Did you know that complications from Parkinson’s disease are the 14th leading cause of death in the United States? More than 10 million people are living with various stages of the disease worldwide, with no cure in sight. While men are 1.5 times more at risk for being diagnosed, this degenerative disorder claims individuals of any sex or race, but more are diagnosed over the age of 50. But what causes Parkinson’s? How does it progress and what are the treatment protocols for each of its stages? As the disease progresses, it ravages nerve cells and deeply affects parts of the brain responsible for controlling body movement. These parts of the brain affected by Parkinson’s are called the basal ganglia and the substantia nigra As these important neurological components in the brain continue to deteriorate, the body begins having problems regulating movement. Issues like tremors, chronic stiffness, slowness and even emerging complications with balance become increasingly prevalent and those living with the disease.
What Causes Parkinson’s?
The cause of Parkinson’s is widely unknown, and while there is no cure yet, advancements in treatment and diagnoses are helping maintain a better quality of life for those affected. Because Parkinson’s predominantly affects dopamine-producing (dopaminergic) neurons in the brain, Doctors rely heavily on medications and treatment plans that utilize dopaminergic pharmaceuticals. While most people don’t begin to show symptoms until later stages of Parkinson’s, it’s important to know what to look for and how to identify them. As the disease progresses, changes in motor and non-motor function can be affected. This means that a person’s movement (walking, speaking, etc.) being affected goes hand in hand with cognitive function. This may include symptoms like depression, sleep behavior, and even smell or taste.

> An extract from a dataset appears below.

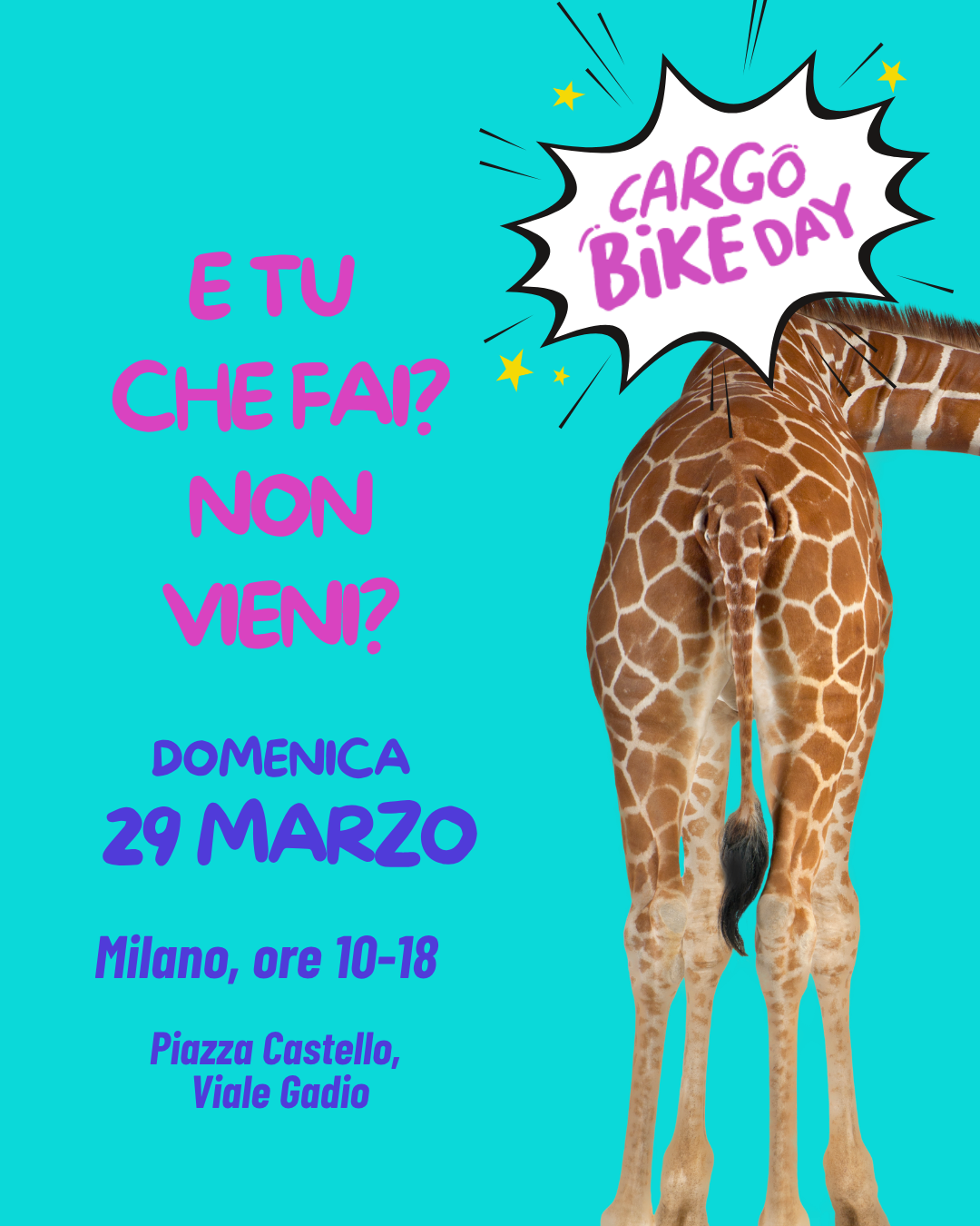 Da viale Gadio, accanto a piazza Castello partirà la Cargo Bike Parade, una pedalata che toccherà alcuni luoghi simbolici della città. Nella sua prima edizione la Cargo Bike Parade ha portato in strada oltre 500 persone su cargo-bike, bici, monopattini, roller-blades.

What are the Stages of Parkinson’s Disease?
Oftentimes, the disease is not diagnosed until symptoms are more advanced. So how does the disease progress? Knowing what to look for and how Parkinson’s impacts the human body can help those living with it get a diagnosis quicker, and can help their medical team address and treat their symptoms more effectively. The 2 most commonly used methods for rating the stages of Parkinson’s are the Hoene and Yahr scale, and the United Parkinson’s Disease scale. Below is an outline of stages based on the Hoene and Yahr scale.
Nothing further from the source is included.